Output the data unchanged and complete, minus the images.

### Raw data
-.-.-

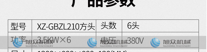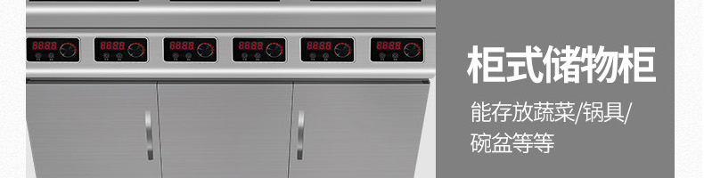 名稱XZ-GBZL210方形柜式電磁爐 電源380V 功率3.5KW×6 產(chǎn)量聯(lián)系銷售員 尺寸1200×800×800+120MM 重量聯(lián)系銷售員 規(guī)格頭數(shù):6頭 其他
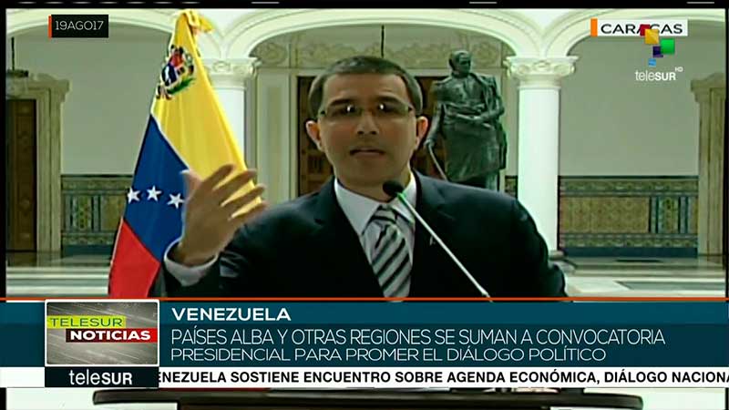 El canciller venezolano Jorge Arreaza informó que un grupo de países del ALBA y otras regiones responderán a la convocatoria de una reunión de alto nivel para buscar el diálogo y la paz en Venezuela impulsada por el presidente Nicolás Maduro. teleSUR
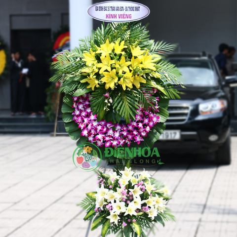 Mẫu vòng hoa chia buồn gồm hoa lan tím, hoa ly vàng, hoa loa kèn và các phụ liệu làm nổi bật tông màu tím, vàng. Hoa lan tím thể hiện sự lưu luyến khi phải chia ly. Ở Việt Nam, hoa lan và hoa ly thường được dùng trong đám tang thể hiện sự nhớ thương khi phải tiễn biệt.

-.-.-

### Task result
 名稱XZ-GBZL210方形柜式電磁爐 電源380V 功率3.5KW×6 產(chǎn)量聯(lián)系銷售員 尺寸1200×800×800+120MM 重量聯(lián)系銷售員 規(guī)格頭數(shù):6頭 其他
 El canciller venezolano Jorge Arreaza informó que un grupo de países del ALBA y otras regiones responderán a la convocatoria de una reunión de alto nivel para buscar el diálogo y la paz en Venezuela impulsada por el presidente Nicolás Maduro. teleSUR
 Mẫu vòng hoa chia buồn gồm hoa lan tím, hoa ly vàng, hoa loa kèn và các phụ liệu làm nổi bật tông màu tím, vàng. Hoa lan tím thể hiện sự lưu luyến khi phải chia ly. Ở Việt Nam, hoa lan và hoa ly thường được dùng trong đám tang thể hiện sự nhớ thương khi phải tiễn biệt.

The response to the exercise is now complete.